The Need to be Seen: Finding Freedom from Overachieving

In an ideal world, you would grow up with a sense of being seen and embraced for the multidimensional unique person you are. But your parents and other adults around you, doing the best they could, had blind spots. Perhaps they saw and embraced you when you were being strong and tough, but ignored you when you were feeling sad or afraid. Perhaps they celebrated your athletic achievements, but paid no attention to your artistic expressions. Perhaps they only saw you in as far as your actions met their needs.

Most likely your experience was a complex mixture. This mix of responses from your parents and others, and your own unique constitution, came together to give you a sense of the world. You may now have particular limiting beliefs about how and under what conditions you will be seen and celebrated.

One common example is imagining that you will only be seen and celebrated if you achieve some particular goal. Setting and achieving goals is not a problem in and of itself, of course. When achieving a particular goal is held as the only way to meet a need, however, a sense of desperation, obsession, or painful longing arises. You’ll know this comes from a reactive place inside you when you notice that, after achieving the goal, you enjoy little (or have short-lived) satisfaction before turning toward achieving the next thing. In this reactive mind state, you have blinders on and can't imagine or trust other ways of meeting your need. At the same time, by cutting short satisfaction and not taking time to rest in completion, you block the possibility of fulfilling the need. This pattern can keep you stuck and lead to extreme depletion as it is played out over time.

Mindful Compassionate Dialogue offers us tools to notice these states of mind and receive them with kindness and compassion. You can uncover limiting beliefs that are driving the reactivity, interrupt reactive habits, and learn to meet your need to be seen in new ways. Let’s take a look at a few baby steps in this direction.

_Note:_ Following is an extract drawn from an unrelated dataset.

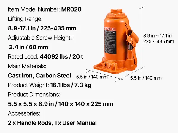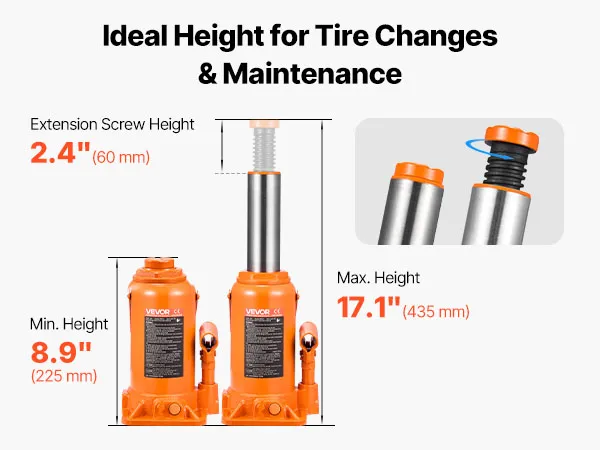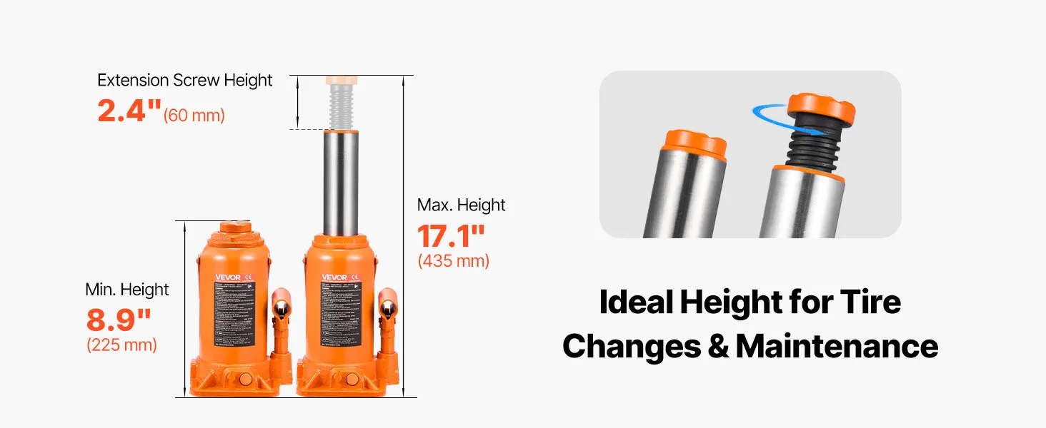 Wide Lifting Range: From low to high, this high lift bottle jack's got the range. It lifts from 8.9 in (225 mm) up to 17.1 in (435 mm), with a 2.4 in (60 mm) screw for fine-tuning the height—handy when space is tight

First, the realization that you have been living your life from a reactive pattern can be disheartening and disorienting. Take time to receive this insight with self-compassion and self-empathy or request accompaniment from an empathic other to process it. Also, know that you developed these strategies in your youth for your survival: achieving was the most reliable way to be seen and valued. You might want to offer compassion to the young “you” who so yearned to meet these needs and found what seemed like the perfect strategy. It’s also important to remember that the fact that there is reactivity behind this behavior doesn’t invalidate your achievements. They are still very real and worth celebrating. AND, this realization means that you don't have to keep pushing yourself in this way. Becoming aware of this reactive pattern has the potential to free you to just BE and just BE YOU, regardless of your achievements. 

Starting to see yourself is a way you can reconnect to authenticity and expand your relationship with the need to be seen. When in the reactive mind state described above, you tend to focus all your attention on that which is in service to current goals and then judge yourself by the level of accomplishment of that goal. By intentionally directing your kind attention to other aspects of yourself: for example, the way you offered listening to your neighbor, the full way you laugh at a joke, your ability to enjoy the quality of light at dusk, or your sadness over a loss, you are cultivating a new relationship to the need to be seen. And, as you see and embrace “you” in diverse ways, you will begin to share more of who you are with others, who then have the opportunity to see and embrace you in diverse ways as well.

Practice

This week, consider building time-outs into your daily routine. Set an alarm or choose specific times of day to lie on the floor and close your eyes, take a walk in nature, play with a pet, take a few conscious breaths or anything else that would help you relax and expand.